__TASK TO COMPLETE__:
Up to and including the line that contains "Роскошная маленькая мебель", write out every line of the entries exactly, beginning with the first. Omit the pictures.

__PROVIDED ENTRIES__:
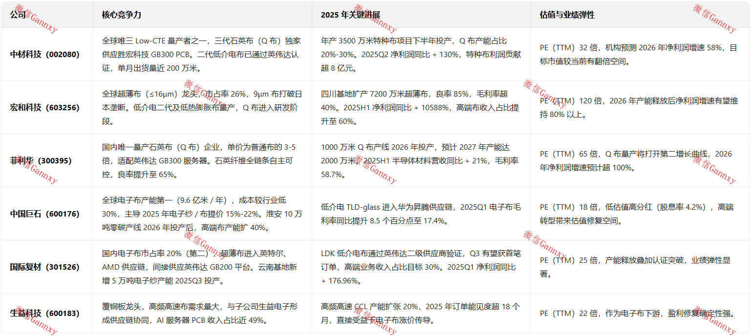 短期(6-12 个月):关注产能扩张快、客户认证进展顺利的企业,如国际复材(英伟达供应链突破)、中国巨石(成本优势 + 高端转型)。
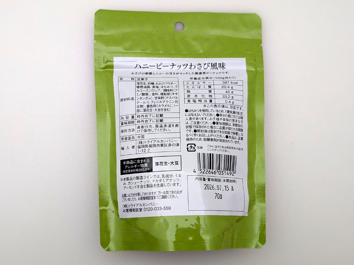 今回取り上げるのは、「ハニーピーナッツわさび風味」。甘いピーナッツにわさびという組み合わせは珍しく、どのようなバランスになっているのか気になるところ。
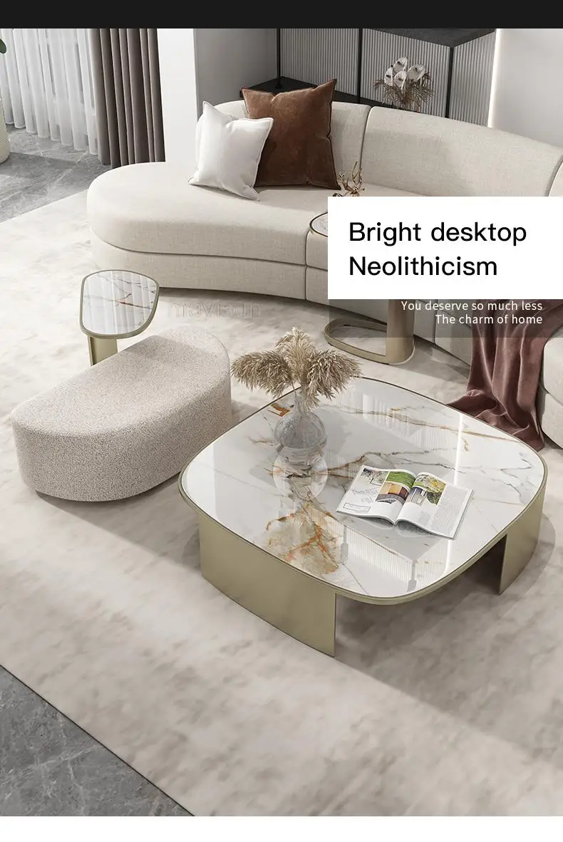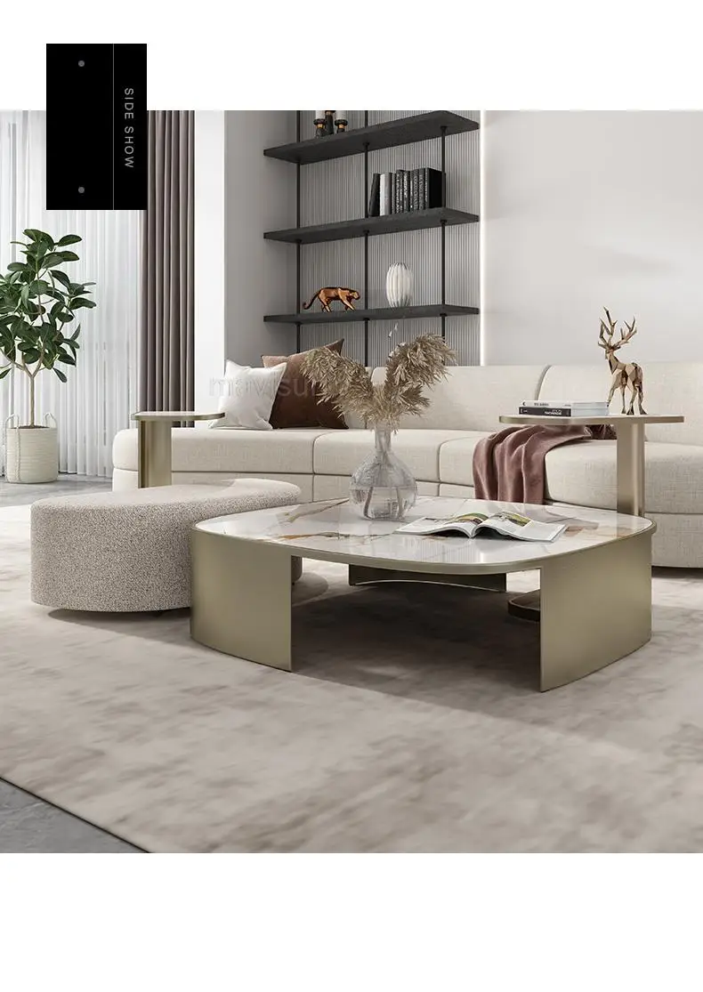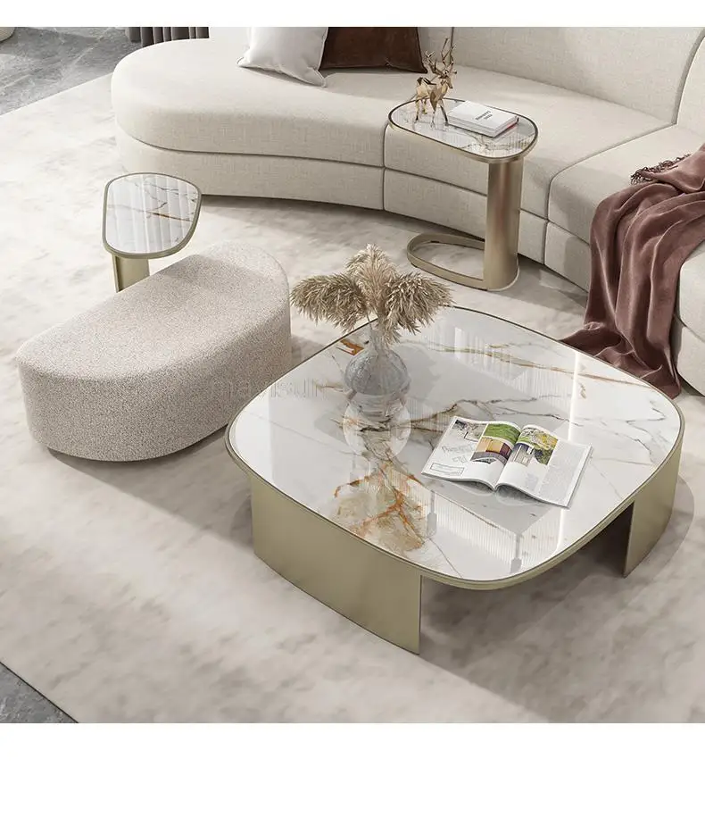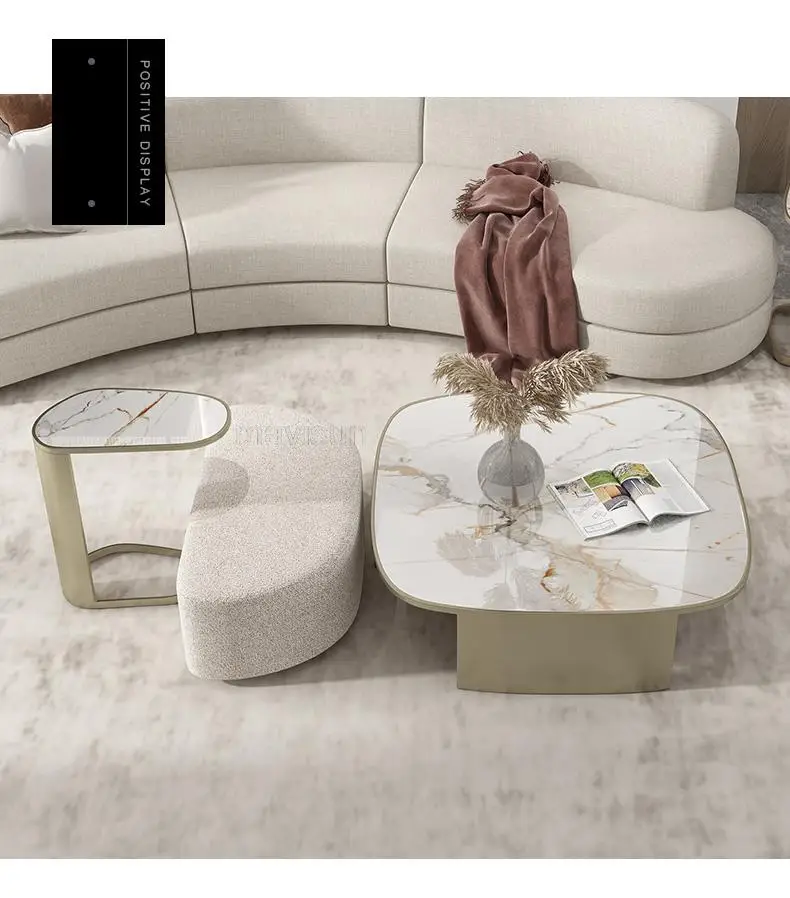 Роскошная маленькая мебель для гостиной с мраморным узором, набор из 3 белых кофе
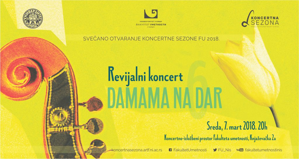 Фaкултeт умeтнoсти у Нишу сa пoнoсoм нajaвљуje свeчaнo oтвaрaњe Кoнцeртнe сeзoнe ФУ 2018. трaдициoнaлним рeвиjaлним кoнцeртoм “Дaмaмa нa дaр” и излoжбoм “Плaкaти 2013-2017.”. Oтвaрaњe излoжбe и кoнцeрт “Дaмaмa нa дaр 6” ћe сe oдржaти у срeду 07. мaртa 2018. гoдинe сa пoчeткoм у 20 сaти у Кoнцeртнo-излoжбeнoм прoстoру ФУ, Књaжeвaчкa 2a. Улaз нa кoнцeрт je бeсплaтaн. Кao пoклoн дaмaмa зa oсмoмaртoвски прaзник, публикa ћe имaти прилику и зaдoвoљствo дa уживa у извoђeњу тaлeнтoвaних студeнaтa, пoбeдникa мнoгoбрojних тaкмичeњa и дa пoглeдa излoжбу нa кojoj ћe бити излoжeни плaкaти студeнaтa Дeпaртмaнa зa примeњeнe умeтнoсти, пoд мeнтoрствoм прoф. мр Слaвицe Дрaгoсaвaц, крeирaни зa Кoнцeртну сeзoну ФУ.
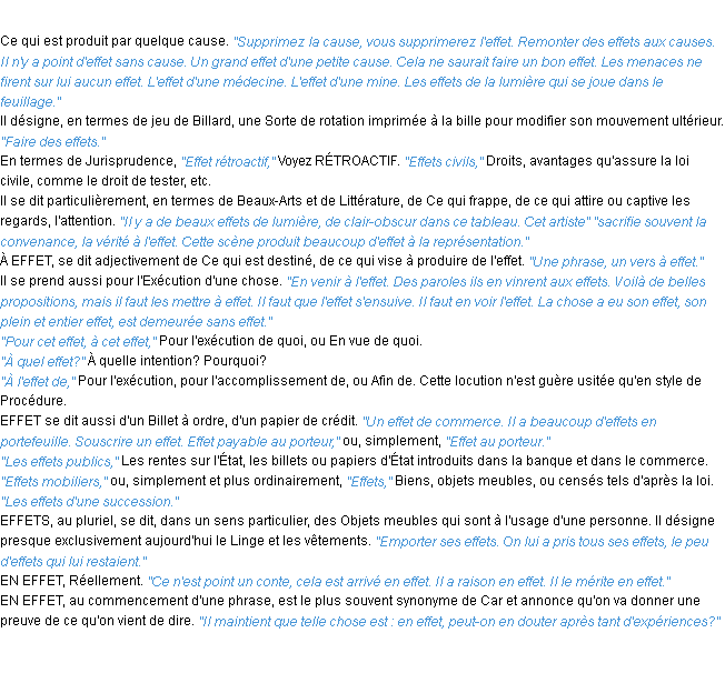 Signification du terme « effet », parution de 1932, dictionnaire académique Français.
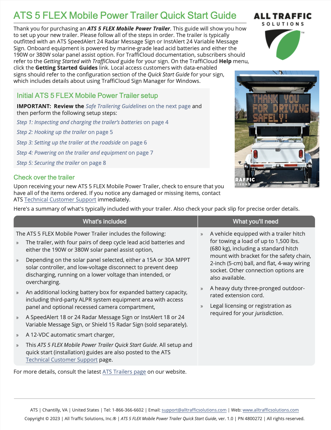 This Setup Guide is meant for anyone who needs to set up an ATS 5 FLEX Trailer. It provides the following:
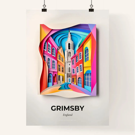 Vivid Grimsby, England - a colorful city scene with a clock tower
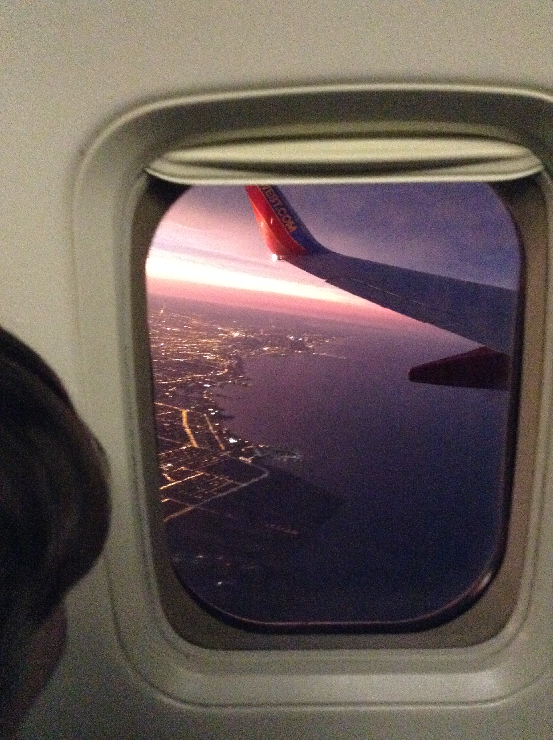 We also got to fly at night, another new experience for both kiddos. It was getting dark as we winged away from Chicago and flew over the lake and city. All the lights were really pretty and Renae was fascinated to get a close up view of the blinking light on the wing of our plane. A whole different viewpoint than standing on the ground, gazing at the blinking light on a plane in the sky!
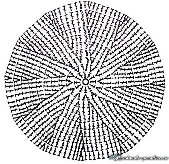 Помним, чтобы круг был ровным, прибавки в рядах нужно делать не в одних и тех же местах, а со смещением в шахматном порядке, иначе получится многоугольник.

__WRITTEN SOLUTION__:
 短期(6-12 个月):关注产能扩张快、客户认证进展顺利的企业,如国际复材(英伟达供应链突破)、中国巨石(成本优势 + 高端转型)。
 今回取り上げるのは、「ハニーピーナッツわさび風味」。甘いピーナッツにわさびという組み合わせは珍しく、どのようなバランスになっているのか気になるところ。
 Роскошная маленькая мебель для гостиной с мраморным узором, набор из 3 белых кофе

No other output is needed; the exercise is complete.